The previous year, he left the Kent Institute of Art & Design with a 2:1 BA Hons Degree in ‘Editorial and Advertising Photography’ although his learning of the medium began much earlier in the labs of Pinewood Film Studios. Since the start of 2000, Andy primarily worked for the UK broadsheet newspaper ‘The Independent’ as a staff photographer but going freelance at the beginning of 2003.

During his time as a staff photographer, he went on a wide variety of assignments from portraits of A-list US actors to gritty news and politics. After just nine months of professional working, he secured himself his first award at the ‘Picture Editors Awards’ for best Black & White image of 2000.

Since going freelance he has taken on a variety of other clients (see client list) and has also been pursuing other areas of the medium, which hold interest for him. The dedication, timing and patience he brings to each assignment ensures he will get the best images from a subject and that the ‘definitive moment’ is always captured.

About Jeremy Selwyn

Press photographer Jeremy Selwyn has worked for the Evening Standard for nearly thirty years. His job has taken him around the world attending great sporting moments and history making news events.

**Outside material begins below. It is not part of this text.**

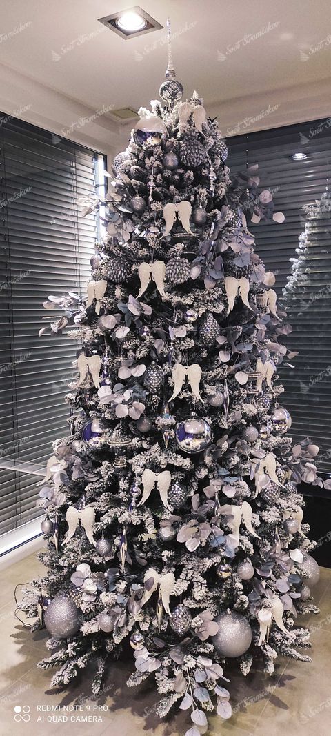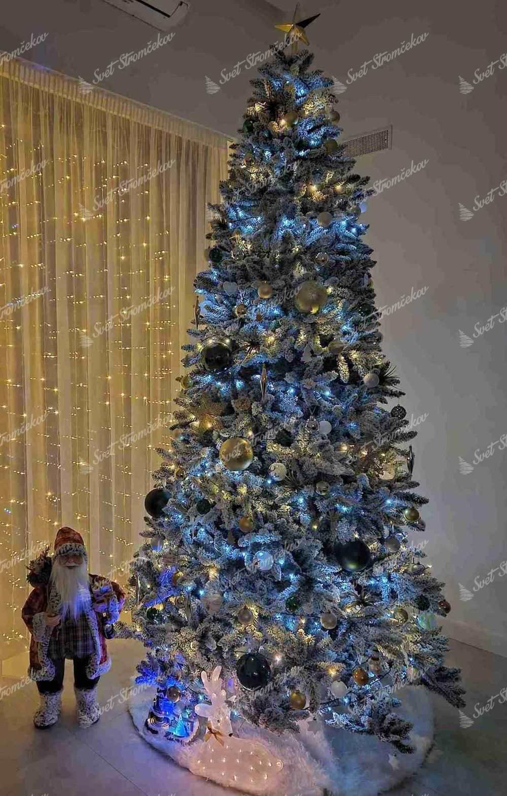Weißer Weihnachtsbaum, Höhe 240cm, Breite 137cm, dicht verschneite Nadeln, Nadeltyp – PVC, Design – dicht, Spitzenlänge – 10cm, Anzahl der LED-Dioden – 700, Farbe der LED-Dioden – warmweiß, 8 Beleuchtungsmodi, Anzahl der Teile – 2

But it is his daily observations of London life which will resonate most with the readers of the Evening Standard

He has photographed the changing faces in Downing Street as Prime Ministers come and go and his multi award winning career was recognised again last year when he was recognised as the National Newspaper Photographer of the Year with his dramatic image of Grenfell Tower ablaze.

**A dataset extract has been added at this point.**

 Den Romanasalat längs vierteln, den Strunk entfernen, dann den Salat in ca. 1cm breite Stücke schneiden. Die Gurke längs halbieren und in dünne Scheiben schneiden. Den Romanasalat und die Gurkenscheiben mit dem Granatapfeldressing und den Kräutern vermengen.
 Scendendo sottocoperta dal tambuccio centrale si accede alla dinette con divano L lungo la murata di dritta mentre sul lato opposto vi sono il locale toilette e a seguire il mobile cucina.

Jeremy said: “As a photographer your job is to record history as it happens but this was one night, a night where so many people lost their lives, that I really don’t want to remember. So, although it’s a huge accolade, it’s tinged with sadness for me.”

Other recent work of Jeremy Selwyn has proved very popular with readers of the Evening Standard when the moat of The Tower of London was filled with poppies to commemorate those fallen during the first world war.

The installation, Beyond The Deepening Shadow,was to mark 100 years since the close of the First World War.